Citing muted product sales and weak perform ace of the group’s true estate company, rating company ICRA has downgraded extended-term ratings assigned to diversified firm Shapoorji Pallonji’s Rs 18,500-crore fund-based mostly and non-fund based mostly bank facilities.
The company has downgraded the rating assigned to the Rs 18,500-crore fund-based mostly and non-fund based mostly bank facilities to AA from AA+ and has reaffirmed the brief-term rating at A1+.
It has also reaffirmed the brief-term rating of A1+ on the Rs two,500 crore industrial paper (CP) programme, it mentioned in a statement issued on November 26.
“The rating has been downgraded on account of muted product sales and continued cost pressure, which has led to weak overall performance of the group’s true estate portfolio and slower-than-anticipated progress on asset monetisation,” ICRA mentioned.
This, along with the funding support supplied to the group and subsidiary businesses, largely true estate SPVs, has resulted in an improve in the standalone borrowing amounts, contrary to the agency’s expectations of a reduction.
Also, the debt availed by various SP group true estate entities for which Shapoorji Pallonji has extended debt service reserve account assure is exposed to refinancing hazards provided that the projects would take time to create commensurate cash flows, it mentioned.

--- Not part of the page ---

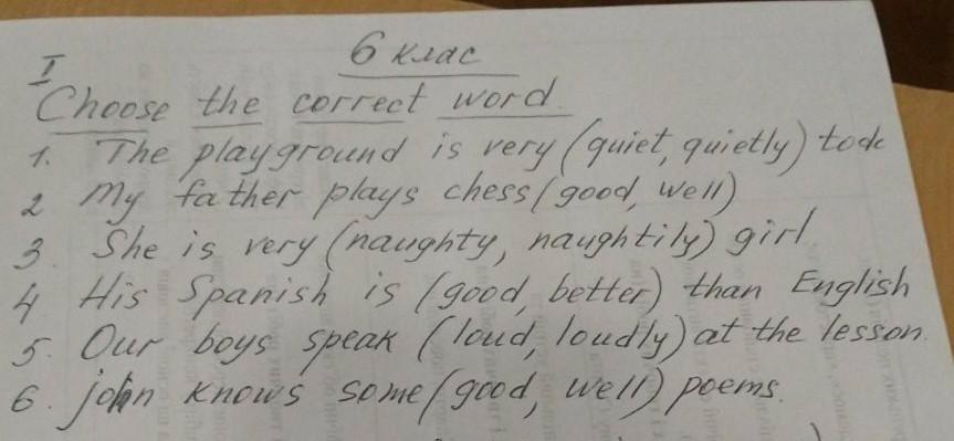 1. quıet 2. Well 3. naughty 4. better 5. loudly 6. good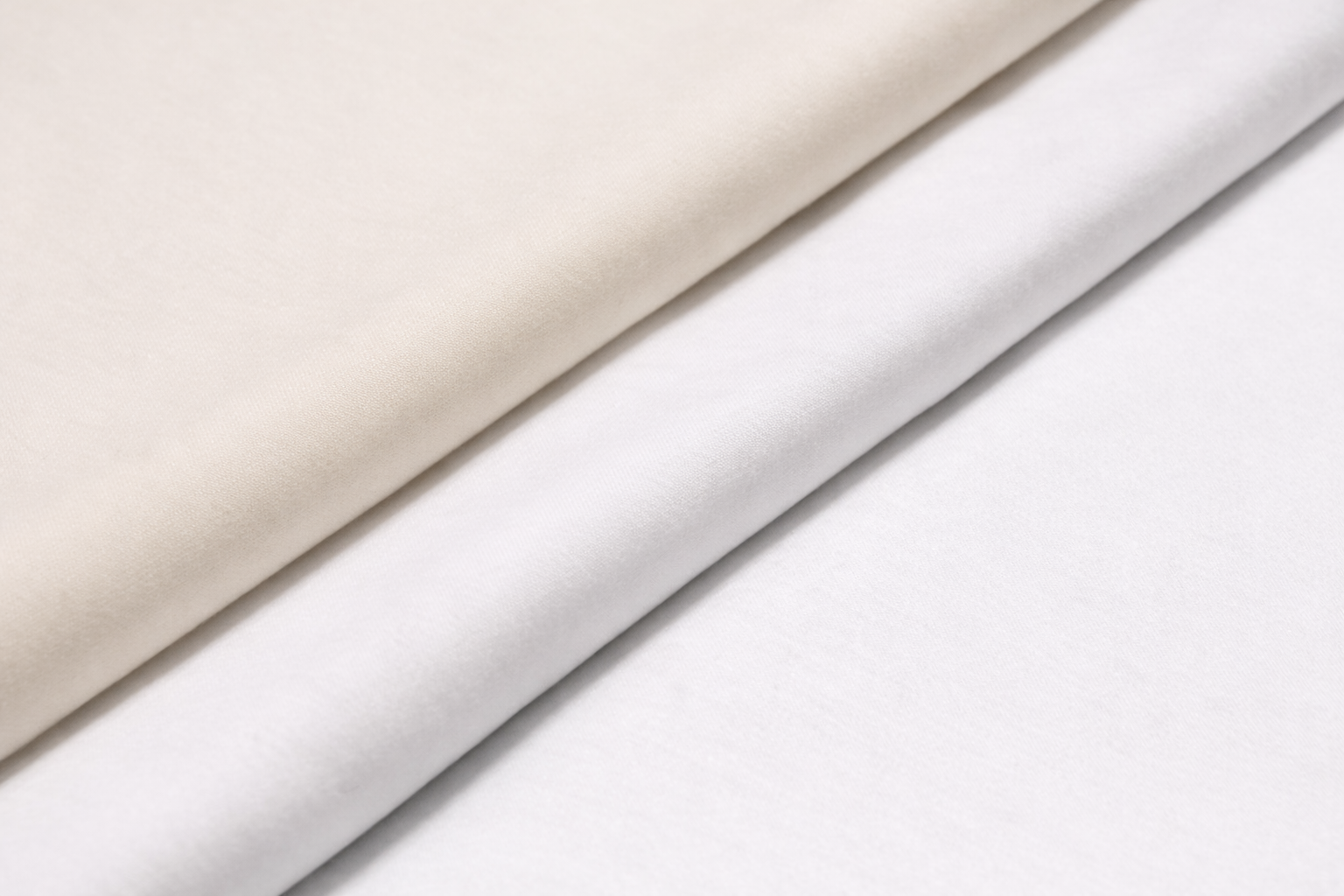 درجتان متقاربتان من الأبيض قد تبدوان متشابهتين، بينما الفرق الحقيقي يكمن في النسج وسلوك القماش. الأقمشة القطنية الخفيفة تعكس البياض بحدة أكبر وتمنح سطحًا ناعمًا، في حين أن الأنسجة الأثقل أو المخلوطة تضيف سقوطًا (Fall) أكثر توازنًا وانسيابية على الجسم.

Just lately, the company announced its ideas to increase about USD one billion by bringing outdoors investors into its solar unit, as a component of its approach to reduce debt.
“With powerful purchase inflows in the final two fiscals, the company had an purchase guide of Rs 36,000 crore as on September thirty, 2018. The properly-diversified purchase guide across sectors, geographies and clientele offers revenue visibility in the near to medium term and reduces purchase guide concentration risk. It also offers respectable revenue visibility in the medium term,” ICRA additional.